Fish, Wildlife and Parks Director Vows Unification of Agency

Following tumultuous legislative session, state agency tries to mend old wounds and move forward in cooperative spirit

By Dillon Tabish
Lone Pine State Park in Kalispell. Beacon File Photo

The new director of Montana Fish, Wildlife and Parks is optimistic about the direction of the agency after a tumultuous legislative session brought to light inner conflicts and exposed a fissure among the individual departments.

Martha Williams, FWP’s new chief and a former legal counsel for the U.S. Department of the Interior, said the energy within the agency is “good and it’s improving,” and she hopes to continue to unify the departments and move forward with Montana’s wildlife and outdoors in mind.

“I know some of the parks staff are really building bridges with the other divisions, where we’re sharing expertise and information on what we’re learning and what works,” Williams said. “We’ve learned some lessons.”

When asked to elaborate on those lessons, Williams responded, “One of my goals is to unify the agency and look forward, and in moving forward to really value all employees.”

Over the last few years, challenges have emerged within the agency tasked with managing and maintaining a complex — and vast — suite of resources, including wildlife and parks. While the agency is handling a diverse range of fish and wildlife issues, including the threat of aquatic invasive species, Montana’s state parks are more popular than ever. But funding remains stagnant, and deferred maintenance keeps piling up.

A past independent review of 14 state park sites showed $8.8 million to $9.2 million in needed repairs. The firm reviewed another 20 sites, including a pair of local parks, and found similar deferred maintenance.

In late December, state officials said the parks administrator, Chas Van Genderen, was no longer with the agency after eight years. No explanation was given, and recently the state of Montana reached a settlement agreement with Van Genderen for an undisclosed sum.

During the legislative session last winter, House Bill 324 sought to take away authority of the FWP director for state parks and assign that responsibility to the existing state parks board made up of citizen members. It was the second straight legislative session that saw an effort gain steam but inevitably fail to move Montana State Parks to another agency.

In August, Gov.
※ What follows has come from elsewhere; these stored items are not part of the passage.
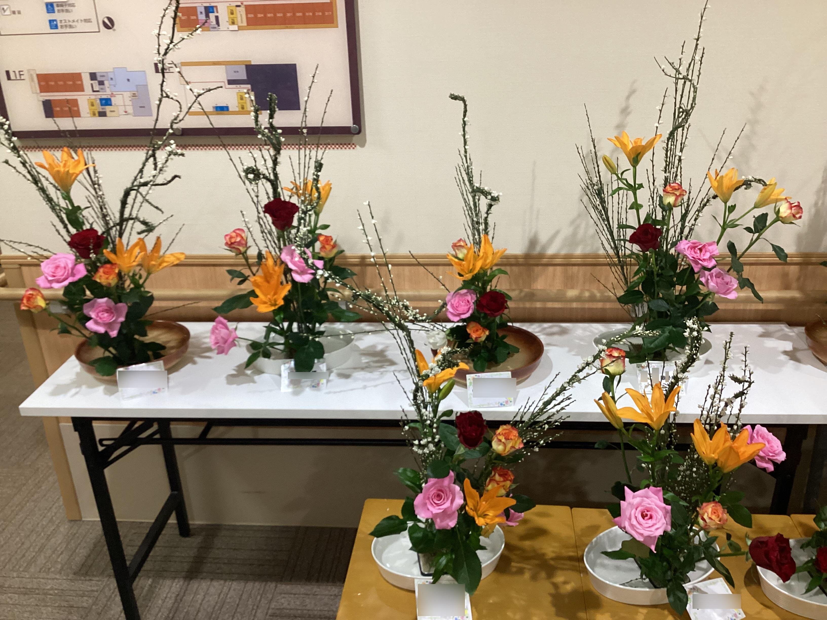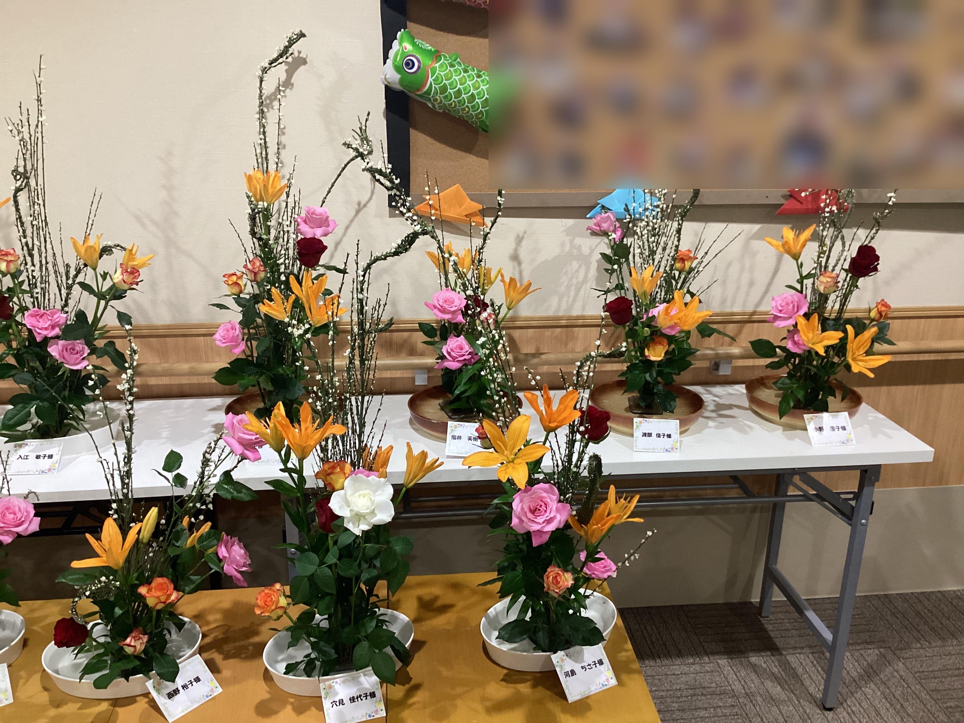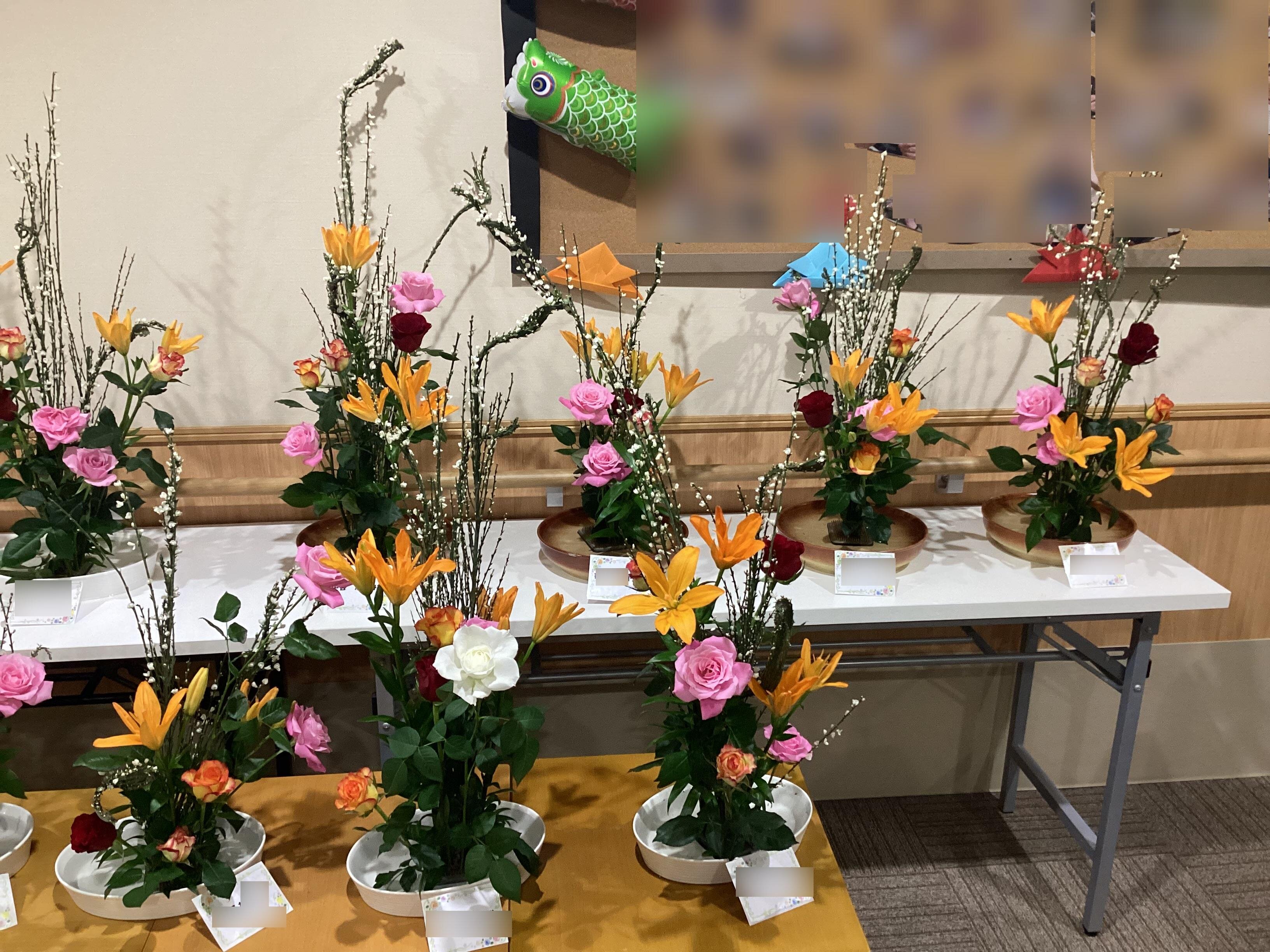 花器に合わせ、花々の色の配色や調和を考えながらの生け花は、とても楽しいひと時でした。
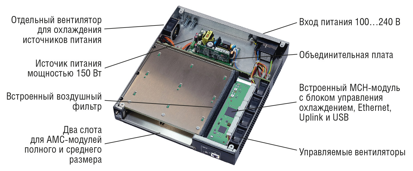 Шасси с двумя слотами для AMC-модулей оснащено встроенным MCH-модулем, а встроенный бескорпусный мезонинный модуль питания расположен позади объединительной платы. Так как это шасси имеет нормальный функционал управления, к модулям AMC особых требований не предъявляется.
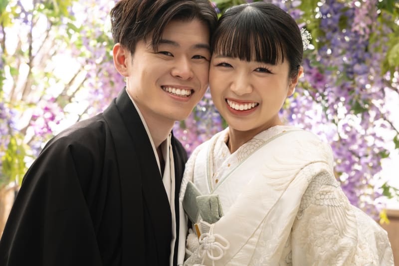柔らかい光と藤のお花はお二人の優しい笑顔と雰囲気バッチリでした✨
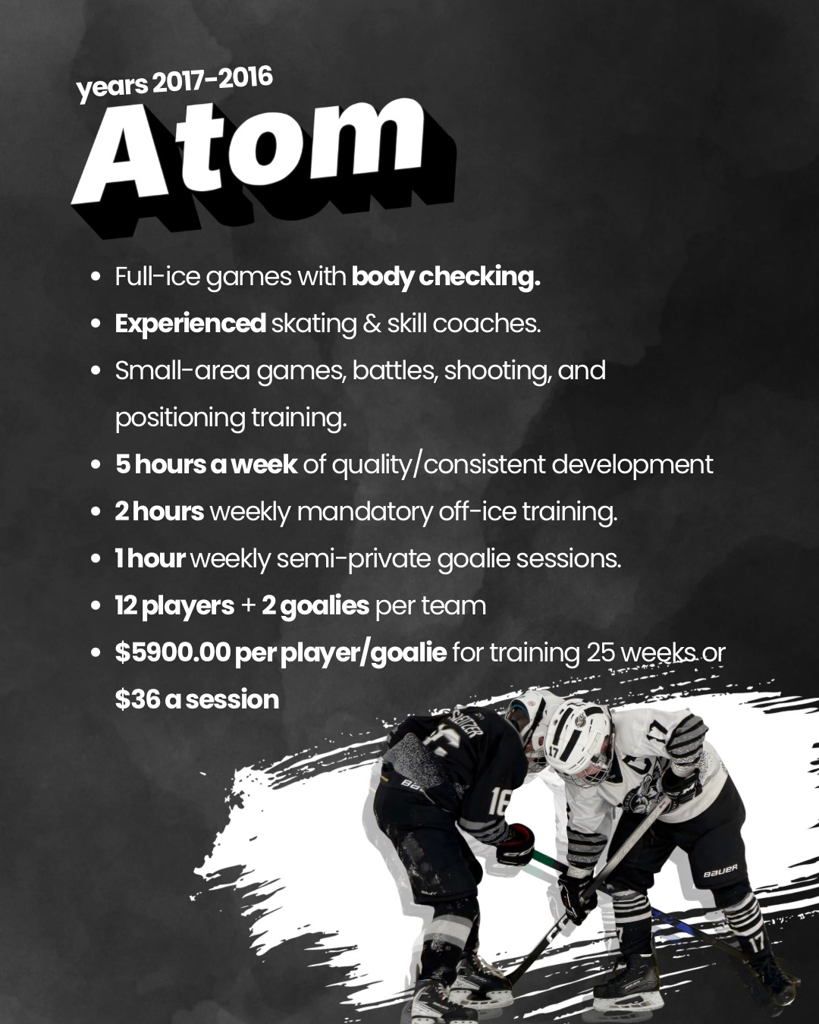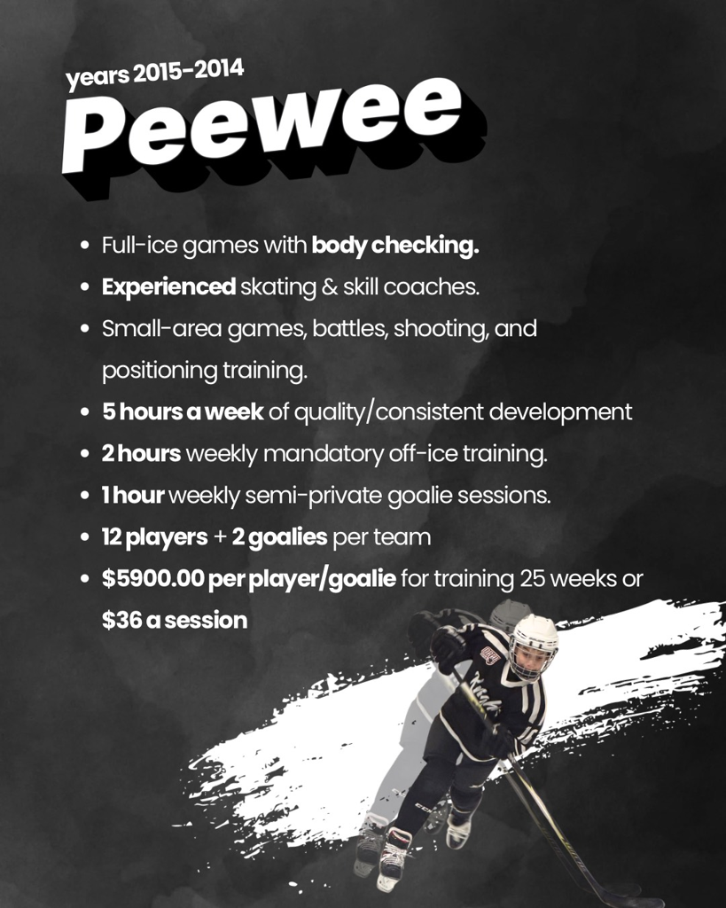 We will be fielding development teams in the U9, U11, U13, U14, U16 age categories. Each team will consist of only 12 players (7 F and 5D) and 1-2 goalies. U14 and U16 teams have the option of carrying more players due absences due to injury and high school sport.
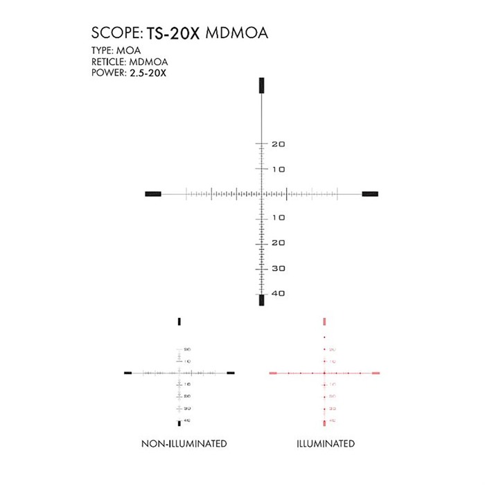 Available with four different reticle options, the US Optic TS-20X features an illuminated reticle that provides a clearly marked center dot for easy aiming in any lighting conditions. No matter what model you choose, all TS-20X reticles are located in the first focal plane, so you know your in-reticle subtensions are accurate at any magnification power.

Steve Bullock announced a new “Parks in Focus” initiative aimed at identifying “long-term solutions to the opportunities and challenges faced by Montana’s State Parks system.”

The announcement came at the same time the five-member parks board was reorganized with several new members. Chair Tom Towe departed the board along with co-chair Mary Sexton as well as Diane Conradi, the representative for this corner of the state, and Douglas Smith. The board now includes chair Angie Grove of Helena, Jeff Welch of Livingston, Mary Sheehy Moe of Great Falls, Betty Stone of Glasgow and Scott Brown of Billings.

The board’s meeting in August was postponed indefinitely, and outgoing chair Towe told Lee Newspapers that the governor’s staff told the board to postpone the meeting without offering a reason.

Bullock, in announcing the Parks in Focus initiative, said the new board would craft the finer points of the initiative.

“‘Parks in Focus’ will leverage relevant expertise to conduct research, support transparent engagement and ultimately deliver and begin implementation of a set of recommendations that build from the Parks 2020 strategic vision,” Bullock said in a statement.

“The strength of our State Parks system ultimately contributes to enhancing our quality of life and our outdoor recreation economy and thus our commitment to a shared vision for the future of our Parks must be made by all Montanans who care about the resources under stewardship of the Department,” Bullock wrote in a memo to Williams explaining the goals of the initiative.

Williams attended the National Association of State Parks Director Conference in Missoula last week and said she considered it a “boost in the arm” for Montana’s beloved parks moving forward.

“Something that will stick with me is all the energy and all the people there who care so much about parks, and to take that experience and kick off a year for parks,” she said. “It showed how our staff can rally together and really highlighted and showed off Montana’s resources. I feel it was the boost in the arm to say we can do this and we have all these opportunities and we should take that and run with it.”

Williams said the outdoor recreation industry has a rapidly growing presence across the U.S. but especially in Montana, which offers everything one could hope for.

“The outdoors is Montana’s identity, and Montana Fish, Wildlife and Parks is all about recreation, whether it’s family camping, hiking, fishing, hunting, all these different experiences,” she said.

Williams said the primary challenge remains identifying viable funding sources that allow the agency to maintain its large lineup of responsibilities.

She said the agency plans to hire a new parks administrator in the coming months. The application period for the position closed this week.